The reason this frustrates so much is that Android manufacturers, Samsung in particular, love to call out Apple for releasing iPhones that look exactly the same as their predecessors while doing exactly the same thing. Samsung’s S22 series looks like the S21 series with the S23 series rumoured to be following the exact same design language. The same can be said for the Z Flip 4 and Z Fold 4 which both are the spitting image of their predecessors.
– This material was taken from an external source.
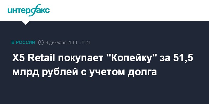 Сумма сделки составит 51,5 млрд рублей с учетом долга "Копейки" в 16,5 млрд рублей, говорится в сообщении X5.

These iterative designs are not the only hypocrisies from the tech giant, the S22 and S22+ both feature smaller batteries than their S21 series counterparts and the S21+ used the same sensors found in the S20+. Despite this, Samsung has yet again launched an ad mocking Apple’s supposed lack of innovation in the upcoming iPhone 14 series, something they’ve done before, and quietly deleted when they’ve decided to copy Apple’s strategies.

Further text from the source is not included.